Daten sind ein wichtiger Aspekt, um den gesellschaftlichen Diskurs zu versachlichen und um politische Entscheidungen zu motivieren. Dass dies nicht immer ganz einfach ist, zeigte sich während der Corona-Pandemie, als unterschiedliche Empfehlungen zum Tragen von FFP2-Masken kommuniziert wurden. Insbesondere bei aktuellen Problemlagen sind Datensätze einem permanenten Wandel unterworfen und Interpretationen können sich schnell und manchmal widersprüchlich ändern. Die vier Forschungsbereiche bei STATEC Research (Produktivität, Unternehmen, Arbeitsmarkt, Wohlergehen und Lebensqualität) leisten mit ihren Analysen einen wichtigen Beitrag, um in Krisensituationen und bei längerfristigen Prozessen eine solide Basis für die Meinungsbildung in der Gesellschaft und für politische Entscheidungen bereit zu stellen. Eine Analyse zum Migrationsgeschehen in Europa konnte beispielsweise zeigen, dass die Lebenszufriedenheit der Europäer durch den Zuzug von europäischen und nicht-europäischen Migranten sowie durch Geflüchtete nicht beeinflusst wurde. Eine andere Studie im Forschungsbereich Produktivität belegt, dass der Luxemburger Finanzmarkt während der Corona-Pandemie nicht so stark gelitten hat wie in anderen europäischen Ländern. Aber die Zahl der Unternehmensgründungen ging auch in Luxemburg 2020 stark zurück.

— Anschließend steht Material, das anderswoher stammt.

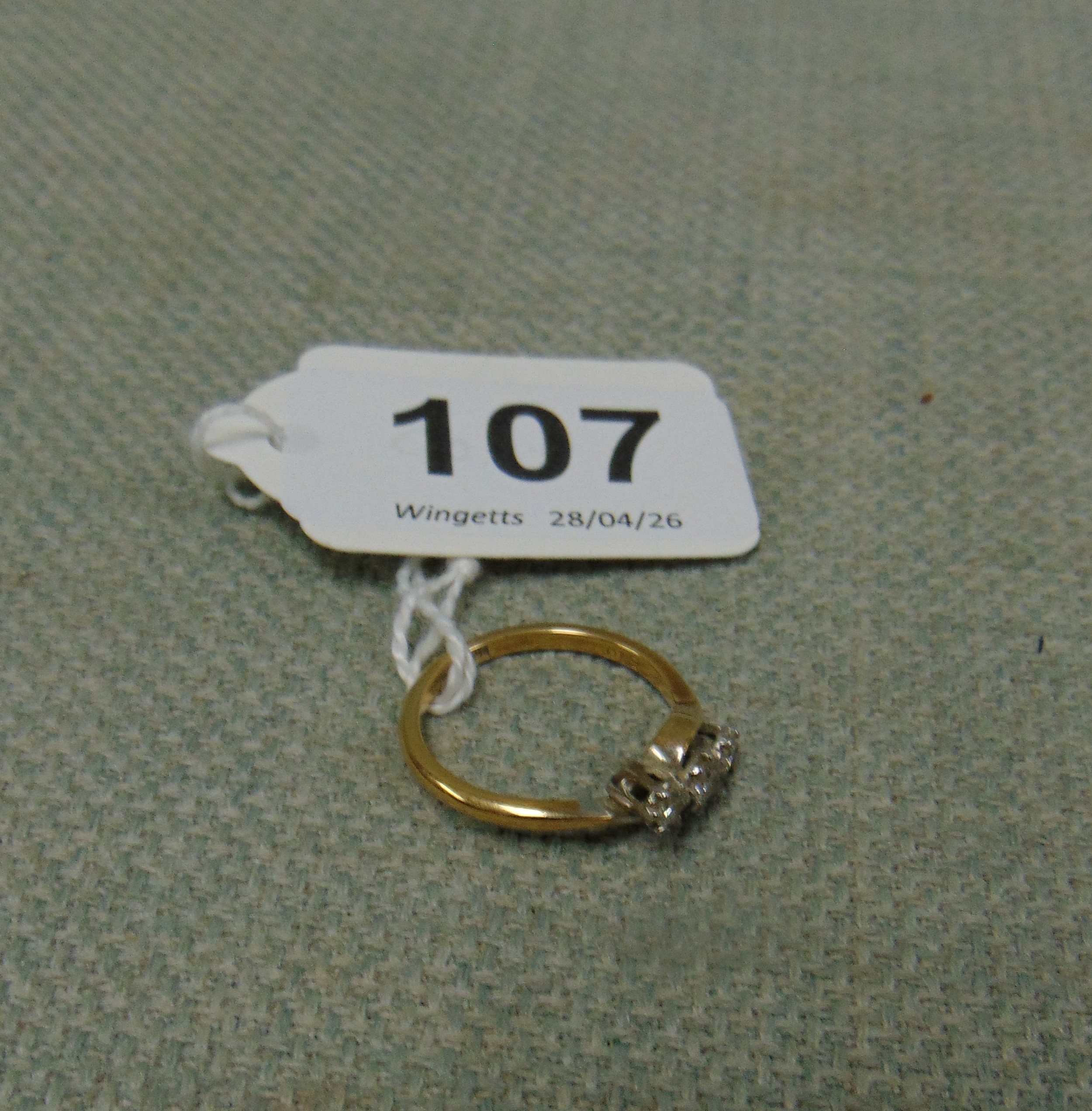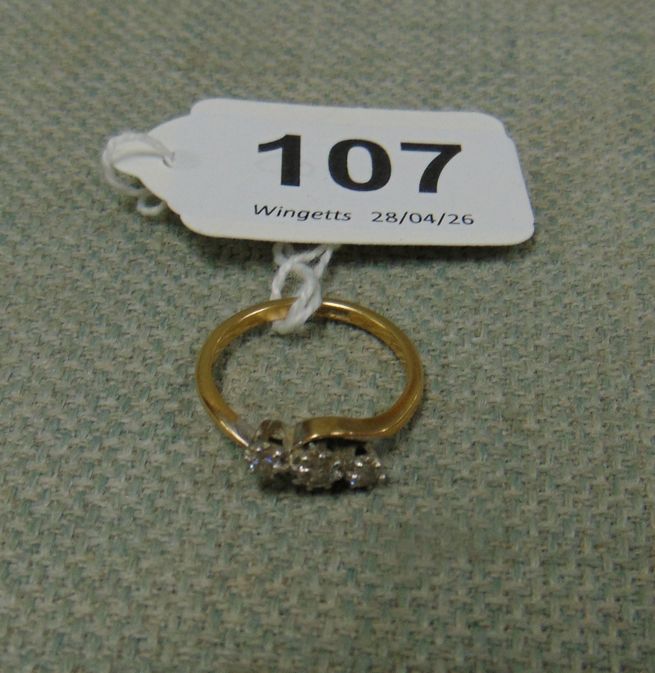 18ct plat three diamond stone ring, size P /Q , 3.5 gms.

PIBien-être und das Easterlin-Paradox

Geld allein macht nicht glücklich. Diese alte Weisheit wird durch Untersuchungen von STATEC Research-Wissenschaftlern differenziert mit Zahlen belegt. In Zusammenarbeit mit Richard Easterlin von der University of Southern California hat Kelsey J. O’Connor mit Daten aus über 120 Ländern und über einen Zeitraum von fast 30 Jahren den Grundsatz des sogenannten Easterlin-Paradoxons erneut bestätigt: die Erhöhung des Bruttoinlandproduktes (BIP) korreliert nicht stabil mit dem subjektiven Glücksgefühl von Menschen. Bis zu einem Schwellenwert gibt es einen Zusammenhang zwischen Einkommen und Lebenszufriedenheit, über lange Sicht stehen wirtschaftliches Wachstum und subjektives Glücksgefühl aber nicht in Beziehung zueinander. Dieser Erkenntnis folgend wird in Luxemburg seit 2009 parallel zu dem BIP (franz. PIB, produit intérieur brut) von STATEC der PIBien-être gemessen. Das subjektive Wohlergehen wird abgefragt sowie neben dem Einkommen Faktoren wie Bildung und Arbeit, Wohnsituation, Gesundheit, soziale Kontakte und Umwelt. Die Zahlen geben Aufschluss über den Zustand der Gesellschaft und es ist auf diese Weise möglich, Maßnahmen zu identifizieren, die die Entwicklung der Gesellschaft in nicht-ökonomischen Zusammenhängen voranbringt.